▸ **Task instructions**
Your copy of the data should match it exactly, except that the pictures are gone.

START Recorded data

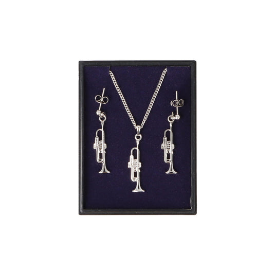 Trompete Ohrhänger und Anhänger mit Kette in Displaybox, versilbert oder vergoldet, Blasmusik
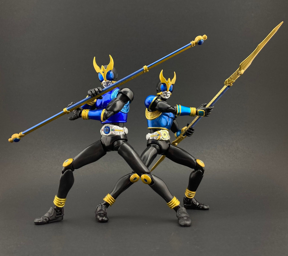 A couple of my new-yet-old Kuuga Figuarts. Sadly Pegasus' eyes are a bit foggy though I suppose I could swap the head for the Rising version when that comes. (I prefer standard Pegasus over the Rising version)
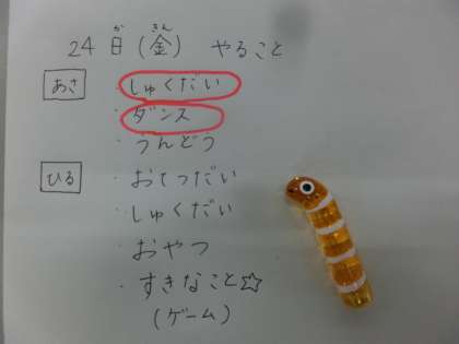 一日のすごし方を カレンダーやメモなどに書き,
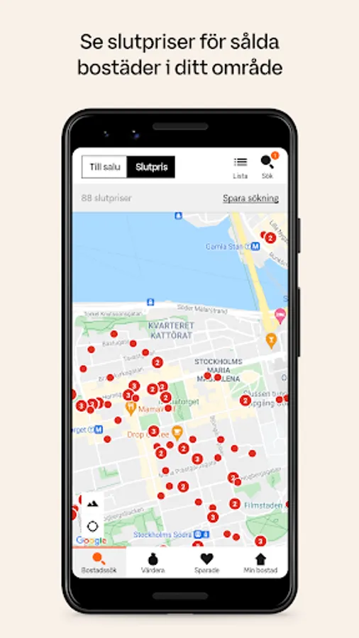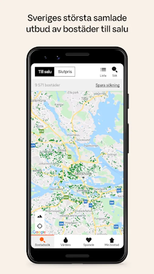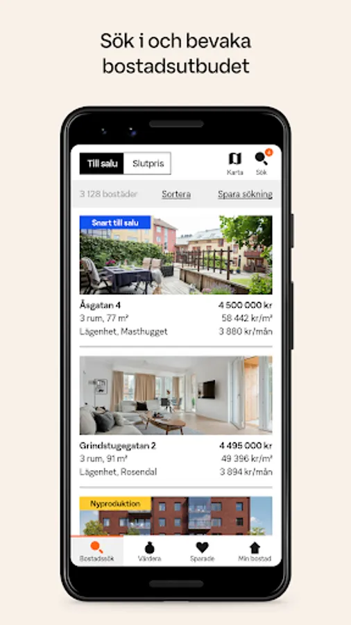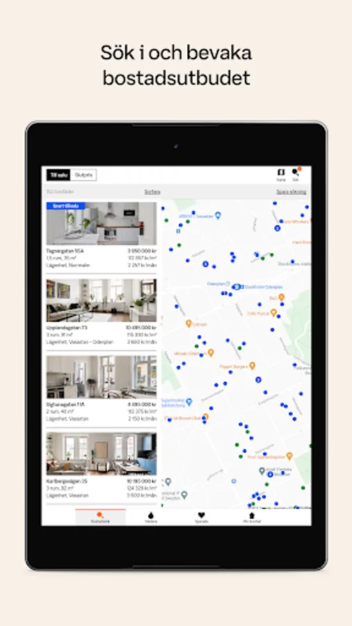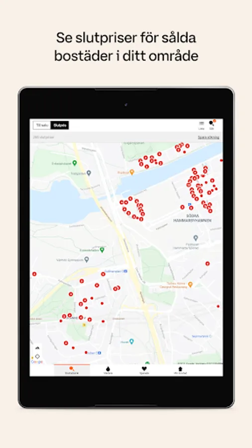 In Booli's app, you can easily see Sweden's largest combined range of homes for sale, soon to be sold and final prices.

END Recorded data

▸ **Expected output**
 Trompete Ohrhänger und Anhänger mit Kette in Displaybox, versilbert oder vergoldet, Blasmusik
 A couple of my new-yet-old Kuuga Figuarts. Sadly Pegasus' eyes are a bit foggy though I suppose I could swap the head for the Rising version when that comes. (I prefer standard Pegasus over the Rising version)
 一日のすごし方を カレンダーやメモなどに書き,
 In Booli's app, you can easily see Sweden's largest combined range of homes for sale, soon to be sold and final prices.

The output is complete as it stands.